If you haven’t yet discovered the young English writer Rachel Cusk, I urge you to do so.  Last year’s offering from her , Outline,  was just a shard less spectacular than her just released new novel Transit (note the use of single words as her titles: her writing’s as spare as those one words, with their double/triple meanings and ambiguities). Cusk is fascinated by the ordinary, or seemingly ordinary, conversations she, or her protagonist, has; the narrator asks random people probing questions in the course of an approximately two week period in Transit. Everyone is, in some way, indeed in transit in this novel, and the narrator, a writer herself, asks penetrating and brilliant questions of those whom she encounters (a hairdresser dying her hair; a random student in a fiction class she teaches; a cousin recently remarried; contractors fixing up her new house; a close women friend with whom she has coffee, amongst others). I note that the narrator is only once given a name, and a first name only, and that appears when she is having dinner with a new male friend, who actually asks her some questions and seems to understand the basic drift of what she’s doing–he, thus, deserves to know her name.

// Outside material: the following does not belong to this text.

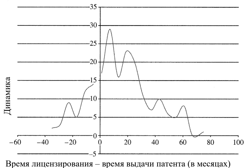
График 2. Связь между временем решения о выдаче патента и временем заключения лицензионных соглашений

На графике № 2 показана динамика заключения лицензионных соглашений до и после решения о выдаче патента. Цифры слева от нуля указывают на количество лицензионных соглашений, заключенных до получения решения о выдаче патента, а данные справа от нуля обозначают число лицензионных сделок, заключенных после вынесения такого решения 33 .

What the narrator is doing is getting her subjects to address times in their lives when they are/were looking for freedom, for transformation, for epiphanies.  As a writer/teacher, she is able to propose that the narrative structures that people give to key incidents in their lives may well be the very opposite of other such structures she suggests to them.  Or she’ll propose that the freedom they believe they’ve found may well be the opposite of what they think they’ve found.  I felt an element of the writer as therapist, occasionally, in Transit, and a brilliant one at that, but by making these pithy observations/aphorisms/de La Rouchefoucaldisms into literature, Cusk suggests how many different narratives we might make of our lives, or how many a writer could pursue in her writing.  Cusk is, in many ways, a kind of contemporary philosopher; reading Transit is a lot like reading Renata Adler’s Speedboat, the first time, way back in the late sixties or seventies: one luxuriates in one epiphany after another.  In this sense, Transit is very much a postmodern novel, as Cusk’s ability to alter the narrative structures of people’s lives and external/internal facts is very much a postmodern trope.  If you toss in Cusk’s Englishness, and put her in the same lineage as writers/philosophers like Iris Murdoch, you’ll get some sense of her brilliance and her deep understanding of human nature.  Cusk/the narrator seems to thrive on such writing/teaching/analysis/structure, and one does wonder a tad what’s in it for her, where her own allegiances and feelings lay, but one gets so caught up in what’s really a series of random encounters that we lose our curiosity a bit about her, except when she’s discussing her two small sons, when we sense both distance and, perhaps, a bit of coldness, as if her own narrative here is beyond her control. 

And Cusk writes with brilliant prose, simple, narrative prose, without an error in word choice, structure, anything, much in the tradition of English writer Anita Brookner, who also wrote flawless prose.  (English writers Tessa Hadley and Jo Baker also fit this category: they are also incredibly astute psychologists and flawless stylists).  Oddly, Transit’s a page turner; you can’t put it down as you marvel at the questions, at the narrator/writer’s ability to ask these questions, at refusing conclusions which seem too simple to her; Cusk has all the hallmarks of that rare avis, the great listener.  Any readers who are also writers, novelists or even essayists in particular, will see how Cusk approaches writing as a total way of living; virtually no distinctions are made between art and life in this brilliant novel.

The narrator’s in as much transit as her characters are; she’s recently divorced, moved back to London, has two children to raise, and some relatively minor teaching gigs, though it’s clear that she’s a well known writer (one of the scenes she draws is of a weekend writers’ conference, which is one of the most brilliant pieces of writing in the novel: writers are talking about the differences and/or similarities between their writings and their lives, but our narrator sticks strictly to reading sections of her new book).  One could even read Transit as an armchair seminar on writing,and in structuring narrative our of flotsam and jetsam.   Transit’s already the best book I’ve read this year, and Cusk is a very young woman, so we’ve got lots of years of reading pleasure in front of us from Rachel Cusk, a truly brilliant writer and thinker.   Transit’s a must read.